-- Excerpts from a dataset --
________
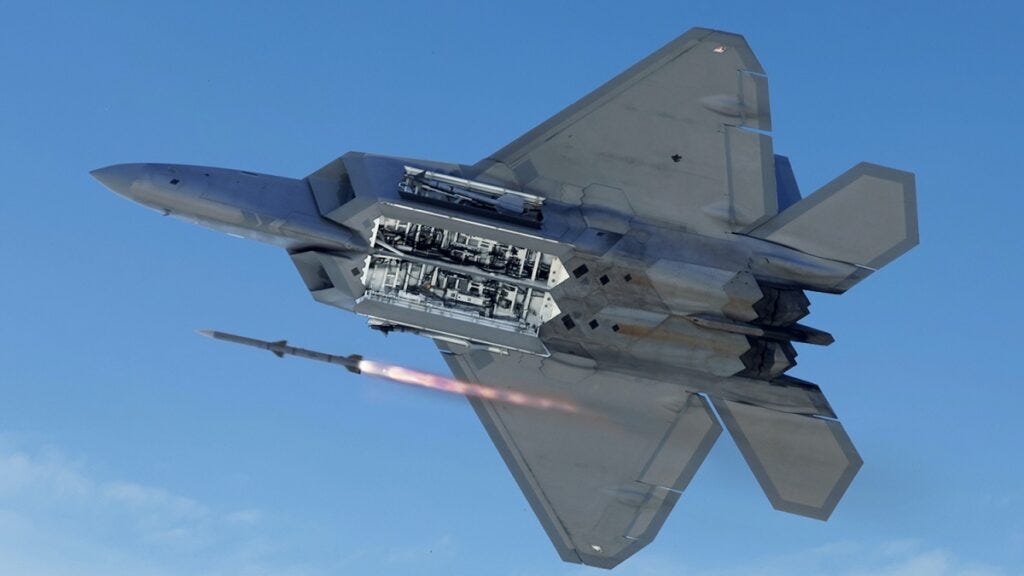 The F-22 also carries a formidable array of weapons systems including AIM missiles, JDAM bombs, external fuel tanks, air launch cruise missiles (ALCM), and joint direct attack munitions (JDAM).
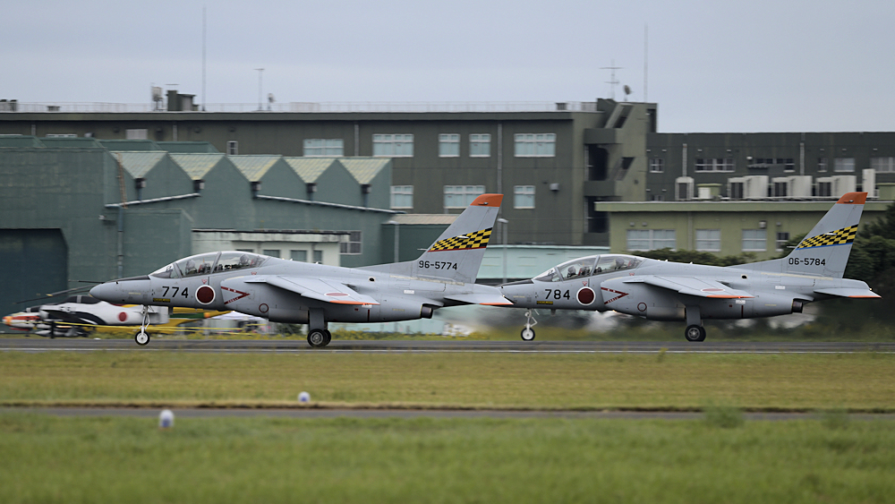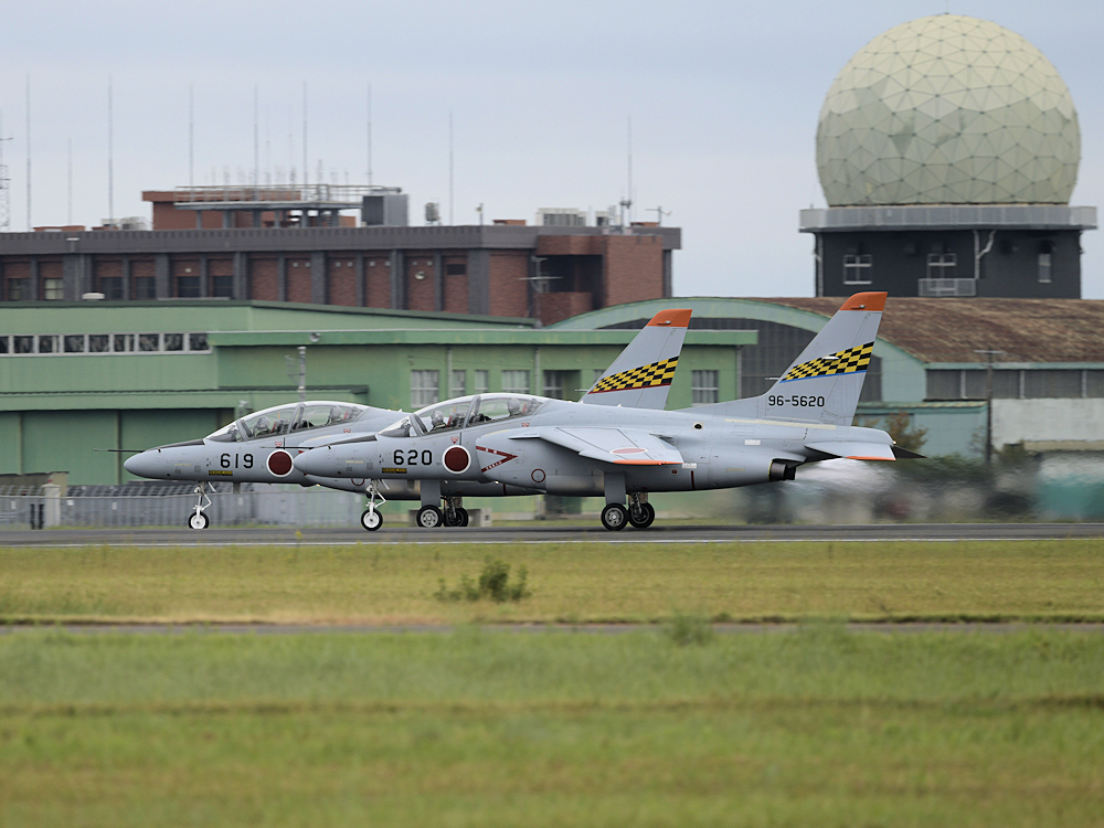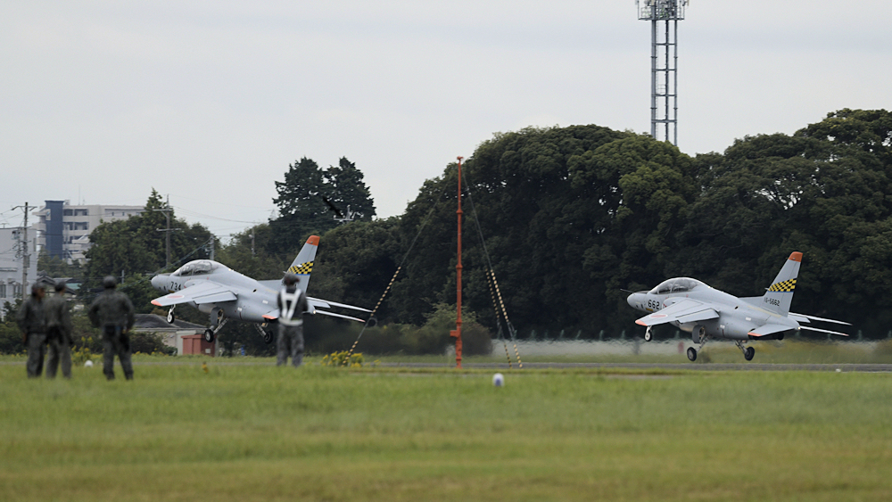 T-4 2機はオーバーヘッド・アプローチで着陸。
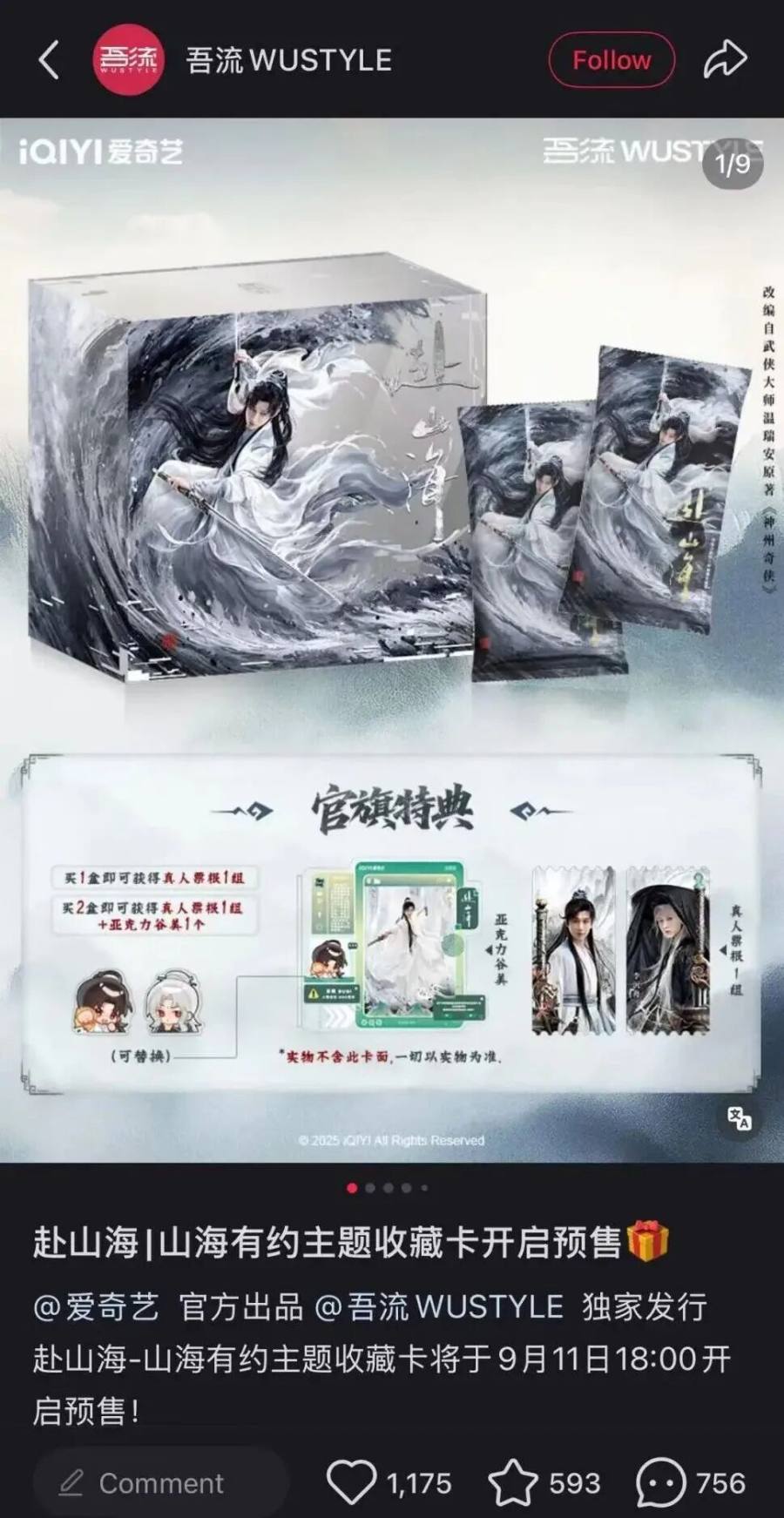 在此基础上,市场价值自然水到渠成。成毅完成了从带动观剧到驱动消费的完整闭环。他不仅为剧集贡献热度,更通过个人与角色的深度绑定,成为连接剧情与现实消费的关键节点。从《莲花楼》的千万级周边销售,到《赴山海》所掀起的联名礼盒抢购风潮,均印证了成毅主演这一标签所具备的商业能量——它能够有效驱动IP全产业链的变现能力。
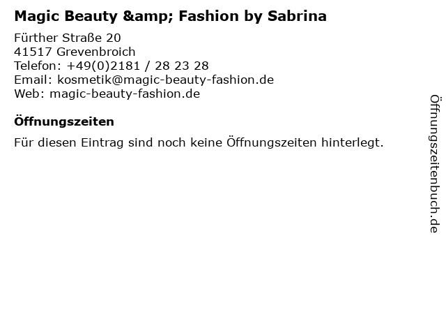 | Magic Beauty & Fashion by Sabrina anrufen | |
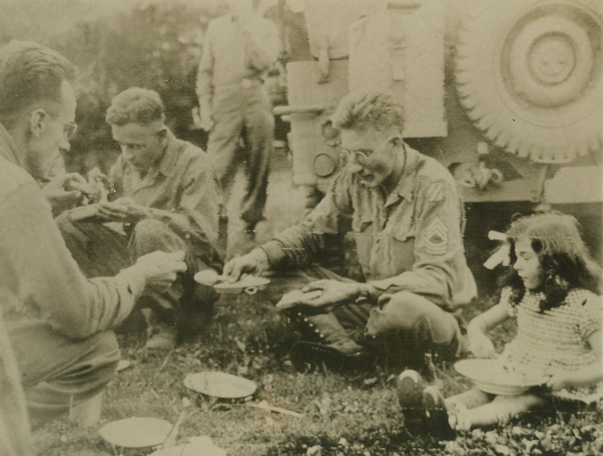 THE TOT WHO CAME TO DINNER, 10/2/1944. SOMEWHERE IN FRANCE – Sitting beside her new Yank friends, a tiny French girl shares pot luck with boys of the Third division as they squat for mess somewhere in France.Credit: Signal Corps Radio telephoto from Acme;
________
-- TO DO --
Every line above should be output exactly, except for the pictures.

-- RESULT OF THIS EXERCISE --
 The F-22 also carries a formidable array of weapons systems including AIM missiles, JDAM bombs, external fuel tanks, air launch cruise missiles (ALCM), and joint direct attack munitions (JDAM).
 T-4 2機はオーバーヘッド・アプローチで着陸。
 在此基础上,市场价值自然水到渠成。成毅完成了从带动观剧到驱动消费的完整闭环。他不仅为剧集贡献热度,更通过个人与角色的深度绑定,成为连接剧情与现实消费的关键节点。从《莲花楼》的千万级周边销售,到《赴山海》所掀起的联名礼盒抢购风潮,均印证了成毅主演这一标签所具备的商业能量——它能够有效驱动IP全产业链的变现能力。
 | Magic Beauty & Fashion by Sabrina anrufen | |
 THE TOT WHO CAME TO DINNER, 10/2/1944. SOMEWHERE IN FRANCE – Sitting beside her new Yank friends, a tiny French girl shares pot luck with boys of the Third division as they squat for mess somewhere in France.Credit: Signal Corps Radio telephoto from Acme;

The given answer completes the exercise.